[[ Provided data, beginning ]]

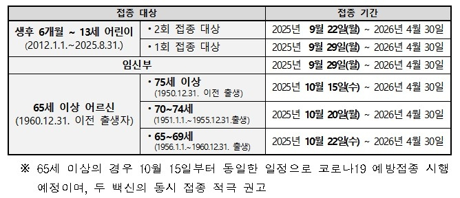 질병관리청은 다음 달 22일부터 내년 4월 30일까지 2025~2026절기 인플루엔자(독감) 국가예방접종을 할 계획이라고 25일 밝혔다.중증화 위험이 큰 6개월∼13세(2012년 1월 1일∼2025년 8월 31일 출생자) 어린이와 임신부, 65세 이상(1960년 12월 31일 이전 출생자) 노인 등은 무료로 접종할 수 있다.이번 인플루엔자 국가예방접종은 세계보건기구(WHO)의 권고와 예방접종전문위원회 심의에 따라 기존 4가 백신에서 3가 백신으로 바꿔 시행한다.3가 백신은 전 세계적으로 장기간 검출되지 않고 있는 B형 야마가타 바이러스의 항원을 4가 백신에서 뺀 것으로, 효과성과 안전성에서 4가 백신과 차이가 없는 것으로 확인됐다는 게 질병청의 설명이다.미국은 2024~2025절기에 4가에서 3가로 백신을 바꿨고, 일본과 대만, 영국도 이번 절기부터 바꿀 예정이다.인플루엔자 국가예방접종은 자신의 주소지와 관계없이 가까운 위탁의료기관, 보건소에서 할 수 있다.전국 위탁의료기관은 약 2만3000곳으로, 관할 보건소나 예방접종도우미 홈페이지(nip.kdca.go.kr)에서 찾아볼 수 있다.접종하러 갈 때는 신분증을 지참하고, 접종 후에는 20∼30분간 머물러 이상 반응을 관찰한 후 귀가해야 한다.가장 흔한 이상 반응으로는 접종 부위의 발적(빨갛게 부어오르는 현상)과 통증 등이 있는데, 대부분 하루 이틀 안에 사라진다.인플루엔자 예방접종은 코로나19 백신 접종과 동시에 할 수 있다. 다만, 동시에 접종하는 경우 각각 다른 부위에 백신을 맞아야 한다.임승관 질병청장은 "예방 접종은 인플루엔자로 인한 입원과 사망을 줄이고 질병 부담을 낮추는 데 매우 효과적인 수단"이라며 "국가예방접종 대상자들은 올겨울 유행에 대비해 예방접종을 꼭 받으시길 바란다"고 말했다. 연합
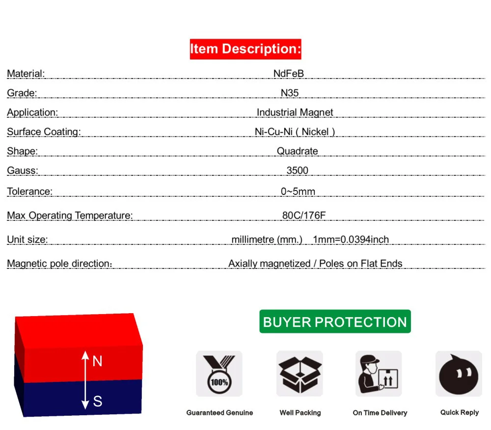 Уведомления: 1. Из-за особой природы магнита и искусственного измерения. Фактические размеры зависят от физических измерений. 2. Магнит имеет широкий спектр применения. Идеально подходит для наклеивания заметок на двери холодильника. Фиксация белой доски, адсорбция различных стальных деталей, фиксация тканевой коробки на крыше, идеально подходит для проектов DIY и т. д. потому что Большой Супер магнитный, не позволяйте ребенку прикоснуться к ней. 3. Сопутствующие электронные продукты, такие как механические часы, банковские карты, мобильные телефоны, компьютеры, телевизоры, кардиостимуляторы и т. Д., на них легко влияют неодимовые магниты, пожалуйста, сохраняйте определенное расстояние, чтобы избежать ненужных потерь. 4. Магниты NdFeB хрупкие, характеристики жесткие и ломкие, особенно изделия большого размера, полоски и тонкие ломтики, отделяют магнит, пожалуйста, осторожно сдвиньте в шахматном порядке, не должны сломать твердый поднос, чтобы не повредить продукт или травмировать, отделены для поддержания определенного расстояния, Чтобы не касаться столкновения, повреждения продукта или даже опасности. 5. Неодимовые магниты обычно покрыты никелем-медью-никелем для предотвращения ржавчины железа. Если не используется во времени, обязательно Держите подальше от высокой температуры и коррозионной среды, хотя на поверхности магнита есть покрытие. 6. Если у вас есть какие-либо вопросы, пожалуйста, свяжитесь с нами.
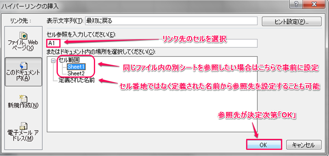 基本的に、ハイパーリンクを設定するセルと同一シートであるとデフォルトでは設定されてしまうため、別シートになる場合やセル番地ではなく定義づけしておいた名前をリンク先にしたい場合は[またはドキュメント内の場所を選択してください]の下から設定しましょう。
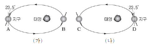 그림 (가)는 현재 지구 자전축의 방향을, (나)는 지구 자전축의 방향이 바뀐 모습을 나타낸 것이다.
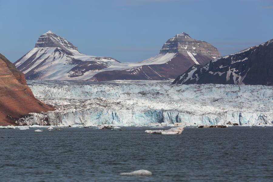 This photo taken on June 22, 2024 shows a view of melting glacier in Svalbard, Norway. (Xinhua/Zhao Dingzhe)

[[ Provided data, end ]]

◆ **Exercise description**
Once the pictures are set aside, please output all the data word for word.

◆ **Solution to this problem**
 질병관리청은 다음 달 22일부터 내년 4월 30일까지 2025~2026절기 인플루엔자(독감) 국가예방접종을 할 계획이라고 25일 밝혔다.중증화 위험이 큰 6개월∼13세(2012년 1월 1일∼2025년 8월 31일 출생자) 어린이와 임신부, 65세 이상(1960년 12월 31일 이전 출생자) 노인 등은 무료로 접종할 수 있다.이번 인플루엔자 국가예방접종은 세계보건기구(WHO)의 권고와 예방접종전문위원회 심의에 따라 기존 4가 백신에서 3가 백신으로 바꿔 시행한다.3가 백신은 전 세계적으로 장기간 검출되지 않고 있는 B형 야마가타 바이러스의 항원을 4가 백신에서 뺀 것으로, 효과성과 안전성에서 4가 백신과 차이가 없는 것으로 확인됐다는 게 질병청의 설명이다.미국은 2024~2025절기에 4가에서 3가로 백신을 바꿨고, 일본과 대만, 영국도 이번 절기부터 바꿀 예정이다.인플루엔자 국가예방접종은 자신의 주소지와 관계없이 가까운 위탁의료기관, 보건소에서 할 수 있다.전국 위탁의료기관은 약 2만3000곳으로, 관할 보건소나 예방접종도우미 홈페이지(nip.kdca.go.kr)에서 찾아볼 수 있다.접종하러 갈 때는 신분증을 지참하고, 접종 후에는 20∼30분간 머물러 이상 반응을 관찰한 후 귀가해야 한다.가장 흔한 이상 반응으로는 접종 부위의 발적(빨갛게 부어오르는 현상)과 통증 등이 있는데, 대부분 하루 이틀 안에 사라진다.인플루엔자 예방접종은 코로나19 백신 접종과 동시에 할 수 있다. 다만, 동시에 접종하는 경우 각각 다른 부위에 백신을 맞아야 한다.임승관 질병청장은 "예방 접종은 인플루엔자로 인한 입원과 사망을 줄이고 질병 부담을 낮추는 데 매우 효과적인 수단"이라며 "국가예방접종 대상자들은 올겨울 유행에 대비해 예방접종을 꼭 받으시길 바란다"고 말했다. 연합
 Уведомления: 1. Из-за особой природы магнита и искусственного измерения. Фактические размеры зависят от физических измерений. 2. Магнит имеет широкий спектр применения. Идеально подходит для наклеивания заметок на двери холодильника. Фиксация белой доски, адсорбция различных стальных деталей, фиксация тканевой коробки на крыше, идеально подходит для проектов DIY и т. д. потому что Большой Супер магнитный, не позволяйте ребенку прикоснуться к ней. 3. Сопутствующие электронные продукты, такие как механические часы, банковские карты, мобильные телефоны, компьютеры, телевизоры, кардиостимуляторы и т. Д., на них легко влияют неодимовые магниты, пожалуйста, сохраняйте определенное расстояние, чтобы избежать ненужных потерь. 4. Магниты NdFeB хрупкие, характеристики жесткие и ломкие, особенно изделия большого размера, полоски и тонкие ломтики, отделяют магнит, пожалуйста, осторожно сдвиньте в шахматном порядке, не должны сломать твердый поднос, чтобы не повредить продукт или травмировать, отделены для поддержания определенного расстояния, Чтобы не касаться столкновения, повреждения продукта или даже опасности. 5. Неодимовые магниты обычно покрыты никелем-медью-никелем для предотвращения ржавчины железа. Если не используется во времени, обязательно Держите подальше от высокой температуры и коррозионной среды, хотя на поверхности магнита есть покрытие. 6. Если у вас есть какие-либо вопросы, пожалуйста, свяжитесь с нами.
 基本的に、ハイパーリンクを設定するセルと同一シートであるとデフォルトでは設定されてしまうため、別シートになる場合やセル番地ではなく定義づけしておいた名前をリンク先にしたい場合は[またはドキュメント内の場所を選択してください]の下から設定しましょう。
 그림 (가)는 현재 지구 자전축의 방향을, (나)는 지구 자전축의 방향이 바뀐 모습을 나타낸 것이다.
 This photo taken on June 22, 2024 shows a view of melting glacier in Svalbard, Norway. (Xinhua/Zhao Dingzhe)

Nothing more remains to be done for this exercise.